Cell 6: Interactive Chat for Testing the Moderation Agent
 ==============================================================================
 This cell launches an interactive console chat.
 You can input commands like:
   "Use moderate_image_tool {\"image_path\": \"/path/to/image.jpg\"}"
 or any text review that the agent will moderate.

In [16]:
def interactive_chat():
    print("Content Moderation Agent is running. Type 'exit' to quit.")
    state = {"messages": []}
    config = {"configurable": {"thread_id": "moderation_session_1"}}
    while True:
        user_input = input("You: ")
        if user_input.lower() == "exit":
            print("Session terminated.")
            break
        # Create a human message and add it to the conversation state.
        from langchain_core.messages import HumanMessage
        human_message = HumanMessage(content=user_input)
        state["messages"].append(human_message)
        try:
            result = app.invoke({"messages": state["messages"]}, config=config)
            ai_response = result["messages"][-1]
            state["messages"].append(ai_response)
            print(f"Agent: {ai_response.content}")
        except Exception as e:
            print(f"Error calling the agent: {e}")

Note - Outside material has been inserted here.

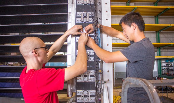 Assembling cassette drive belt. Belt connectors underwent testing and re-working at Alameda Point. Final product surpassed 60 million cycles without failure. Natel Energy photo. Used by permission.
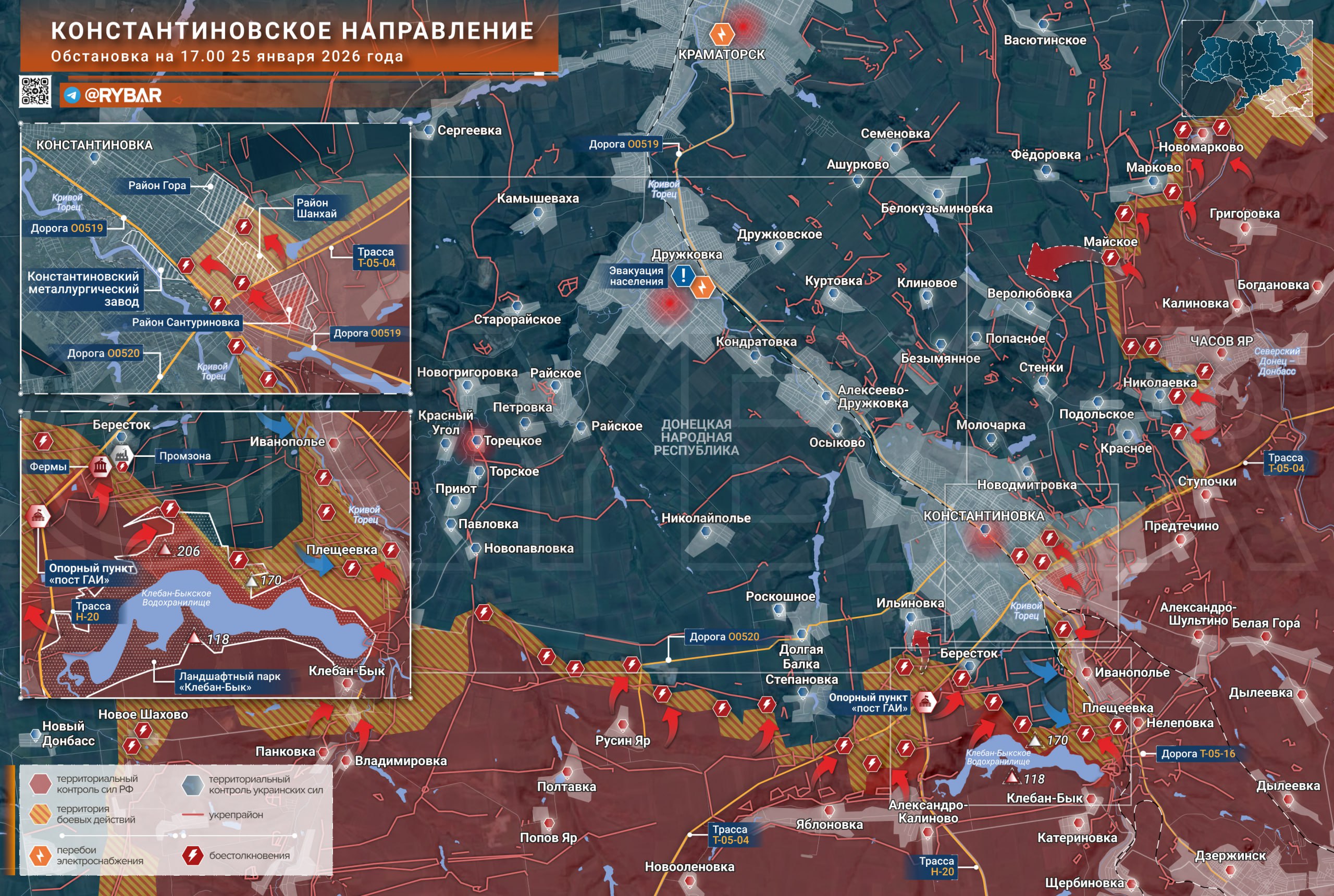 Несмотря на продолжающиеся холода, интенсивность боевых действий на направлении возрастает, а накал битвы за Константиновку постепенно растет. Противник пытается нарастить плотность войск в городе, чему отчасти способствует погода.

if __name__ == "__main__":
    interactive_chat()

Content Moderation Agent is running. Type 'exit' to quit.
You: /content/drive/MyDrive/Guapos/640.gallery4_8761197d325541f926b015130fbb6bd0.jpg
Agent: The image you've submitted contains inappropriate content, specifically nudity. As per our community guidelines, we cannot publish this image. Please submit a different image that adheres to our content policies.
You: exit
Session terminated.


Final Notes
Concept Overview:
This notebook is designed as a "recipe" for building a content moderation agent. It demonstrates how to use GPT‑4 via ChatOpenAI to moderate text reviews and CLIP to moderate images.

Agent Structure:
The agent uses LangGraph's MemorySaver and StateGraph to manage dialogue state, making it easy to integrate into an interactive session.

Usage:
To test image moderation, input a command in the chat window such as:



 Use moderate_image_tool {"image_path": "/path/to/your/image.jpg"}


For text moderation, simply type a review message.